Origin and time: Ottoman, around 1550
KHM (Museum of Fine Arts), Vienna
Inv. No. C5, C5a (Collection of Arms and Armour)

The quiver and bow case made of pale leather are bordered by a red frame, which is densely decorated with fine spiral cirri of white leather. Within the frame red medallions are visible. The use of abstract ornaments based on stylized plants is typical for Ottoman arts. Curved spiral cirri combined with blossom buds decorating the given objects illustrate this characteristic feature of Ottoman arts.

The bow was stored in the bow-case, which was larger than the quiver. Together with the scimitar, it had become one of the symbols of Ottoman armament. Even after the introduction of firearms, the Ottoman army continued using bows and arrows. The production of an Ottoman bow took up to ten years, depending on its quality. In the production process, several layers of hard wood, buffalo horn and animal sinew were stuck together with fish glue. Every step of this procedure involved a long drying time, which in turn caused the long production time. With these composite bows the Ottomans were able to shoot the arrow as far as 800 metres. Thanks to a ring made of metal or horn, which was slipped over the thumb, an Ottoman archer was able to draw the bow much more effectively than an archer using the European technique, in which the trigger finger and the middle finger were used.
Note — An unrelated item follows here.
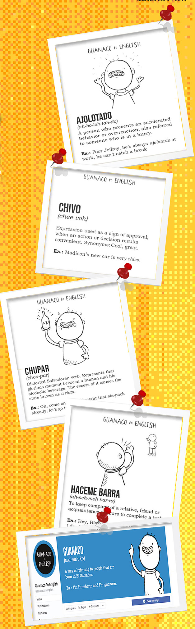 Argueta explicó a Diario El Mundo que le ha tomado unos dos años recopilar unas 200 palabras y expresiones salvadoreñas y traducirlas. Pero solo hace cinco días lanzó la cuenta Guanaco To English en Twitter e Instagram y hace tres días en Facebook.

Reflex bows are named after their characteristic tendency of bending back into their natural curve. In order to string a reflex bow, it had to be bent against its natural curve. As the different layers of wood, horn and animal sinew strived to return to their original forms, such a bow was already under high strain, which was increased when the archer drew the bow. Due to the different layers of glue applied, Ottoman bows were highly sensitive to humidity. In order to protect the bow from humidity, the inner side of the bow, where the layers of animal sinew were glued together, was coated with a thin layer of painted parchment. For the same reason and to make it easier for the archer to fight in close combat, the bow was stored in the bow-case after usage. Ottomans carried the bow-case (sadak) on the left and the quiver (tirkes) on the right side.

Since bows played a significant role in the Ottoman martial tradition, sultans delighted in giving these weapons, together with the corresponding bow-cases, as presents to European diplomats. It is very likely that this bow-case with its extraordinary 16th century design was given to the imperial family as a present, as most of the Oriental showpieces were diplomatic presents.